= Micro Engineering Solutions =

American software company

Micro Engineering Solutions, Inc. was a CAD/CAM (Computer Aided Design / Computer Aided Manufacturing) software company founded in 1986 by Lynn and Jim Hock and Bill Harris in Farmington, Michigan. The initial product was "Solution 3000", a PC-based CAD/CAM system that ran on a standard IBM PC AT (or clone), running under IBM PC DOS, with 640 KB of memory. Additional required hardware included a math coprocessor, a 20 MB hard disk drive with floppy disk backup, a graphics display interface, and a graphics monitor.

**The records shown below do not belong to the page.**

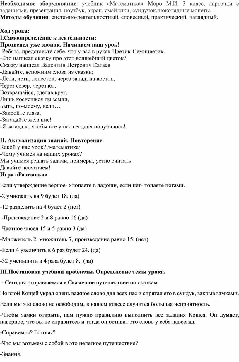 Необходимое оборудование: учебник «Математика» Моро М.И. 3 класс, карточки с заданиями, презентация, ноутбук, экран, смайлики, сундучок,шоколадные монеты.
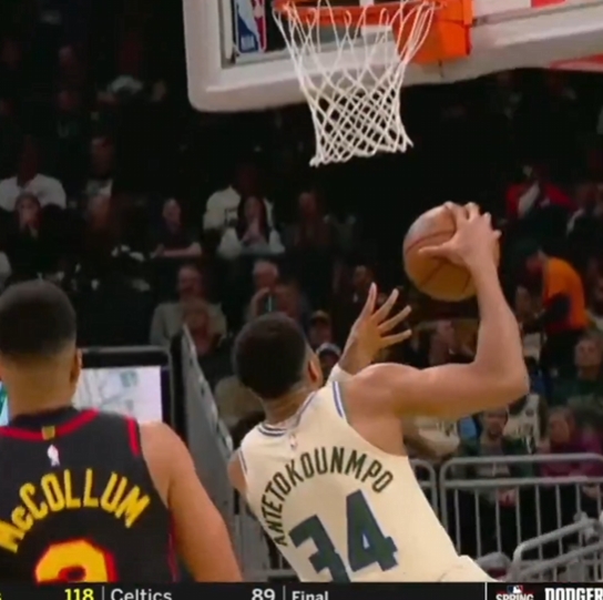 帕金斯:我说的是,字母哥正在对着篮筐爱爱(He's making love to the rim)。
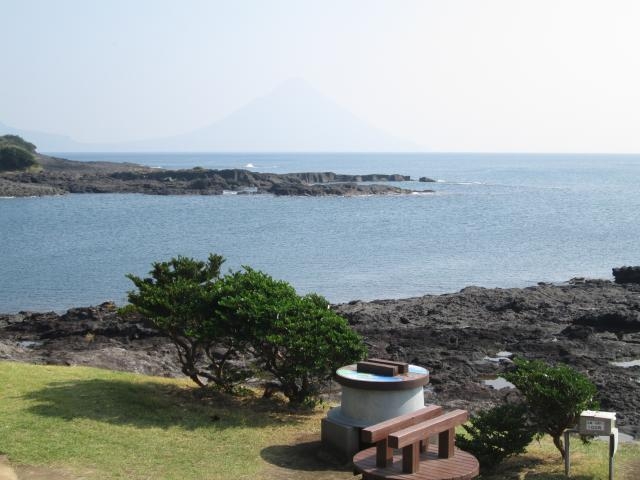 また、最近では拝殿の天井にある龍の絵を携帯などの待ち受けするといいことがある、とも言われていて、訪れた人達はベンチに横になりながら必死に撮影していました。神社の裏には開聞岳を望む絶景スポットもあり、釜の蓋の形をしたベンチに座って、ゆったりとした時間を過ごすこともできます。

Solution 3000 featured true full 3D modeling capability, including both design and manufacturing capabilities. Optional packages included:

Advanced Surfacing / NC Machining Advanced Conversion Programs: IGES (Initial Graphics Exchange Specification), DXF (AutoCAD Format), DES (General Motors), Ford Standard Tape, and Chrysler's format.

In 1990, Micro Engineering Solutions, Inc. was purchased by a group of investors that included Morganthaler Ventures, 3I Ventures, and GeoCapital.

In 1991, the Board appointed Ken Spenser as president and CEO.

On October 19, 1992, Autodesk Inc, Sausalito CA acquired Micro Engineering Solutions.